= Gilbert Hedden =

American industrialist, politician and treasure hunter

Gilbert Dayton Hedden, Sr. (April 6, 1897 – September 14, 1974) was an American industrialist, politician and treasure hunter. He was Mayor of Chatham Borough, New Jersey from 1934 to 1938 and is most notable today for his role in investigating the Oak Island mystery, described as the costliest treasure hunt ever.

==Biography==
In 1919, he became vice president and general manager of the Hedden Iron Construction Company in Hillside, New Jersey. They were fabricators and erectors of structural steel. On the sale in 1931 of the business to Bethlehem Steel Company, he became plant manager of the "Hedden" works.

On May 8, 1928, he read an article about Oak Island in The New York Times Magazine.

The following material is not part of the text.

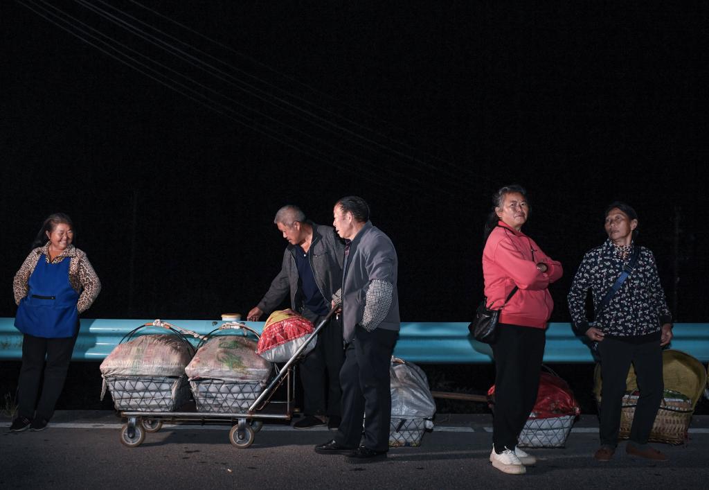村民在贵阳市乌当区水田镇定扒村候车,准备乘坐252路“惠农专线”公交车进城卖菜(11月7日摄)。

Hedden was fascinated by the story and determined to purchase the island and search for the treasure. He spent much of his fortune in search of the treasure. His search lasted from 1934 to 1936, when he helped arrange for New York University engineering professor Edwin Hamilton to take over. Hedden bought the east end of the island in 1935 and attempted to drain the so-called Money Pit with a pump. His discoveries during the search included finding an inscribed "H + O" stone, believed to be Knights Templar related, at Joudrey's Cove in 1936.